(Beginning of Recorded information)
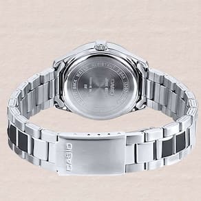 O Casio LTP-1302PD-1A1V é um relógio feminino que combina elegância e durabilidade com a assinatura tradicional da Casio. Seu mostrador preto com marcadores prateados cria um contraste sofisticado e de fácil leitura. A caixa e a pulseira em aço inoxidável proporcionam brilho refinado e resistência superior. O vidro mineral garante proteção contra riscos leves, enquanto a resistência à água de até 5 ATM assegura desempenho confiável no uso diário. Com calendário posicionado às 3h e acabamento impecável, este modelo é o equilíbrio perfeito entre estilo clássico, conforto e funcionalidade moderna.
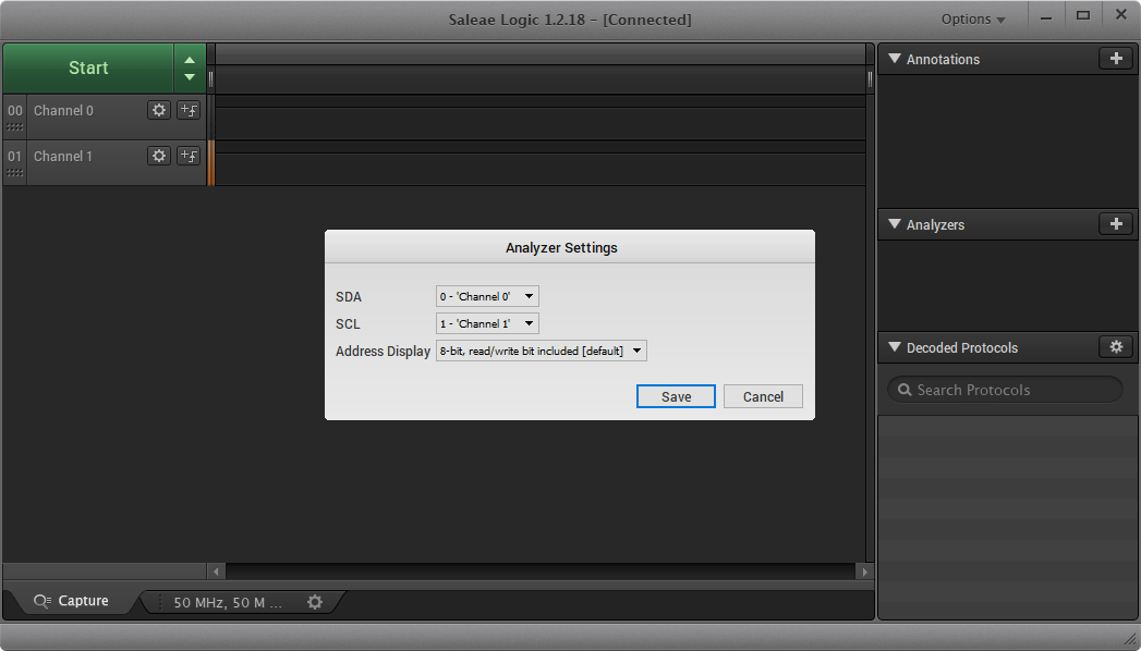 Set the protocol analyzer by clicking on the plus button (+) next to Analyzers on the right side. Select I2C to bring up the settings window. Leave everything as default and click Save.
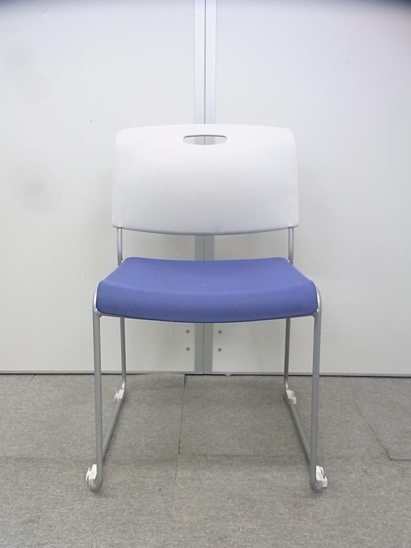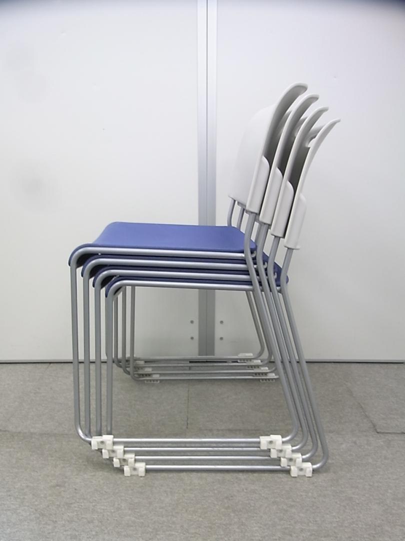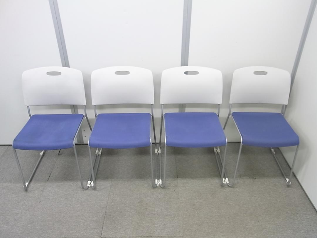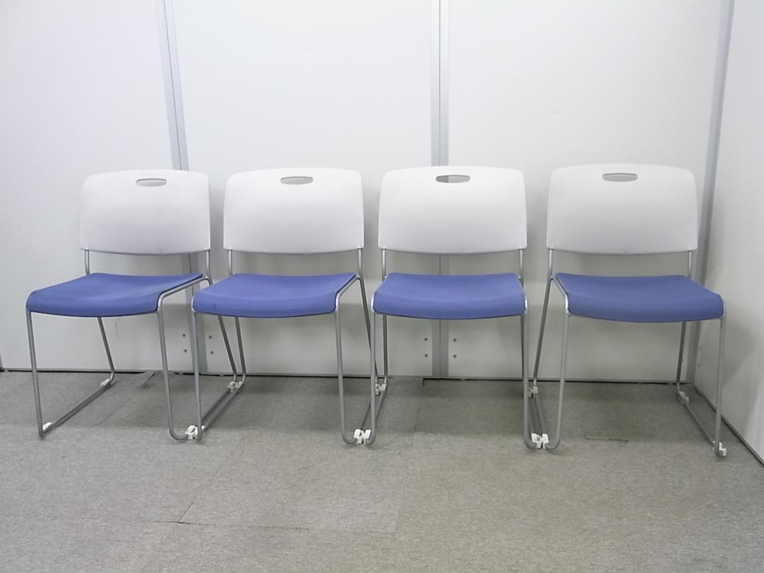 【4脚セット】会議用チェア スタッキングチェア 内田洋行製 マリンブルー色■セットでお安く!- 在庫数
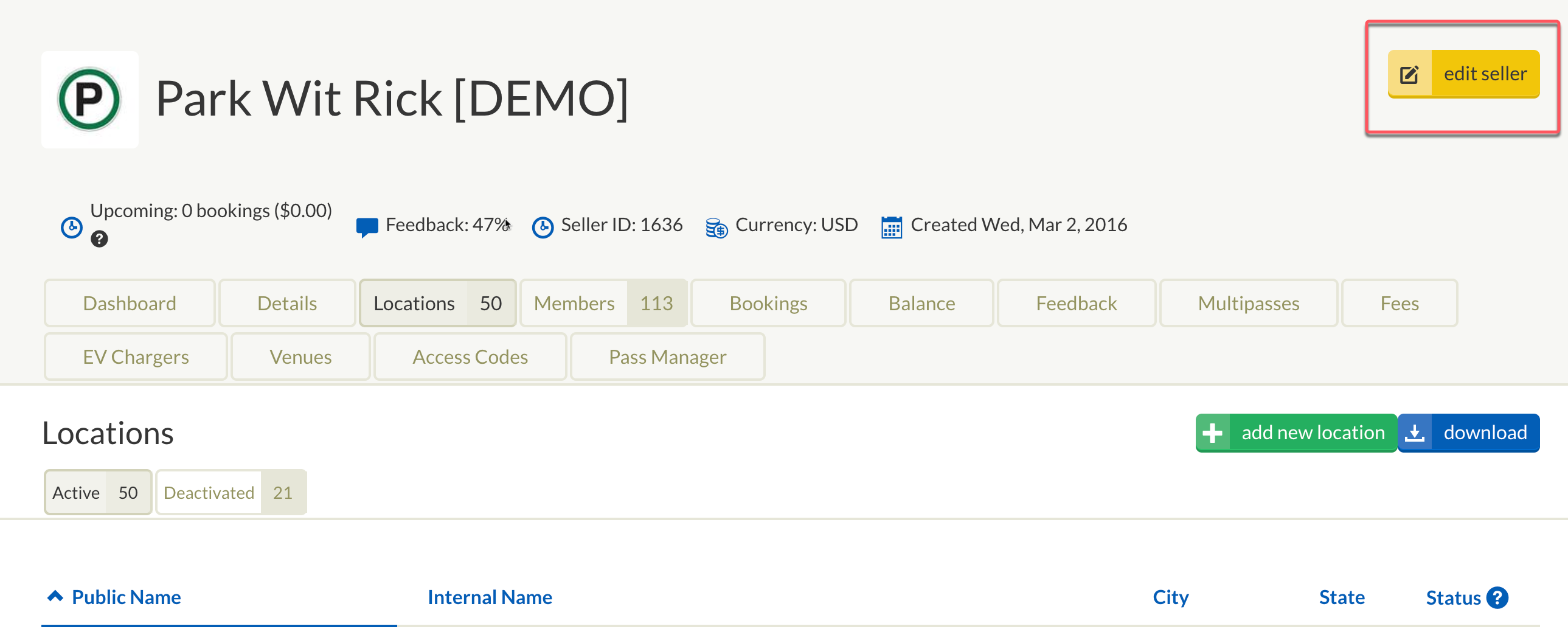 | Locations | List of locations associated with your seller account that you have access to. |
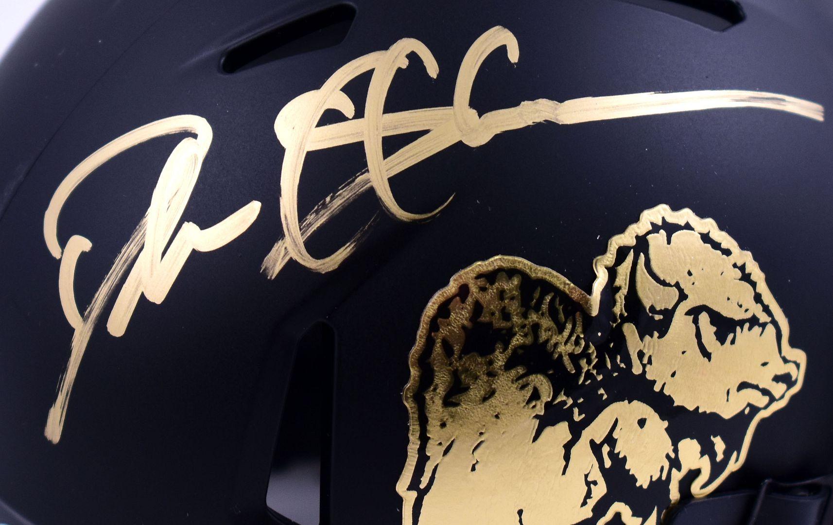 Riddell Colorado Buffaloes matte black Speed mini helmet. Hand-signed by Deion Sanders (HOF).
(End of Recorded information)
▶ Assignment
Produce the lines from the first line of the entries through the line that contains "内田洋行製 マリンブルー色■セットでお安く!- 在庫数", exactly, leaving the pictures behind.

▶ Answer section
 O Casio LTP-1302PD-1A1V é um relógio feminino que combina elegância e durabilidade com a assinatura tradicional da Casio. Seu mostrador preto com marcadores prateados cria um contraste sofisticado e de fácil leitura. A caixa e a pulseira em aço inoxidável proporcionam brilho refinado e resistência superior. O vidro mineral garante proteção contra riscos leves, enquanto a resistência à água de até 5 ATM assegura desempenho confiável no uso diário. Com calendário posicionado às 3h e acabamento impecável, este modelo é o equilíbrio perfeito entre estilo clássico, conforto e funcionalidade moderna.
 Set the protocol analyzer by clicking on the plus button (+) next to Analyzers on the right side. Select I2C to bring up the settings window. Leave everything as default and click Save.
 【4脚セット】会議用チェア スタッキングチェア 内田洋行製 マリンブルー色■セットでお安く!- 在庫数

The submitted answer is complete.